The film centres on Lawrence Talbot (Benecio Del Toro), an actor who is making his living far from home in America. He has gone so far because he is still traumatised from early memories of seeing his mother with her throat cut. While performing in London, he receives a letter from his brothers fiancée Gwen (Emily Blunt), informing him of his death under mysterious circumstances. He returns home to his father (Anthony Hopkins) in order to find out the real reason behind his brothers disappearance. While investigating a gypsy camp, it comes under attack by a savage beast, and Talbot is bitten. Despite being near death from the attack, he recovers in a few days and returns better than ever. After this the attacks start and the body count piles up, as Talbot struggles to come to terms with what he has become.

The main problem with the film is that it possesses many dull stretches that seem to stem from awkward shifts in tone. The film contains a love story that is tedious and hard to invest in, father son dramas that suffer the same issues, big action set pieces that suddenly ratchet up the gore, and period drama that once again, suffers from being ultimately uninteresting. They all seem cobbled together as if the filmmakers couldn’t decide which angle they wanted to take on the film so they just decided to try all of them. This results in not enough effort being given to all the films subplots which makes them hard to care about. The set pieces are big, and at times genuinely exciting, but feel like a jarring shift from the ominous horror film it was trying to be. Instead it turns the film into a slasher, and feels out of place. The performances are decent, Del Toro broods through most of the film effectively, and Hopkins plays a rather unhinged man quite well. Emily Blunt doesn’t look like she was given enough to do with the script and Weaving at times, seems to slip back into his Agent Smith persona, just a hundred years or so back in time. The transformation from Talbot to Wolfman is impressive, it is not a smooth transition, and feels physically painful to watch as his limbs snap out of joints.

The DVD boasts some deleted scenes, intended to flesh out the story a little more.

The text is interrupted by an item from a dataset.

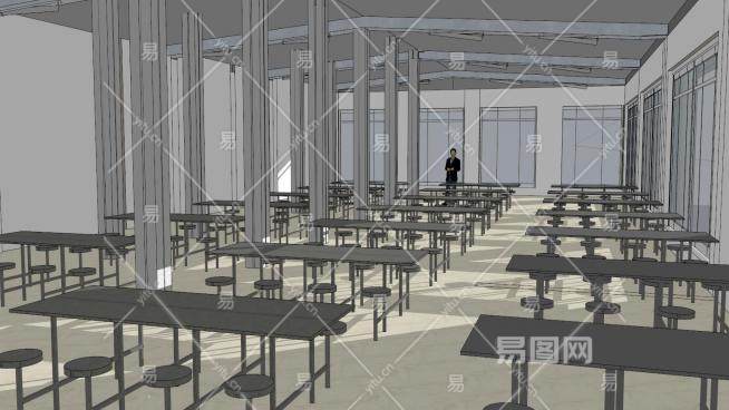 这是现代室内食堂饮食店SU模型,指设于机关、学校、厂矿等企事业单位、为供应其内部职工、学生等就餐的非盈利性场所。现代室内食堂饮食店SU模型下载_sketchup图大师SKP模型

We get a little more on Singh the servants backstory, and an extended fight sequence between wolves at the end. There is also an extended cut of The Wolfman tearing up London that is quite entertaining to watch. These are the only features included on this edition.

The Wolfman was not worth the wait. With all the talent on board including the writing talents of Andrew Kevin Walker (Se7en) and the award winning cast it seems like it should have turned out better. But all the changes and delays during production seem to have crafted a film that does not know what it wants to be, and as a result spreads itself too thin.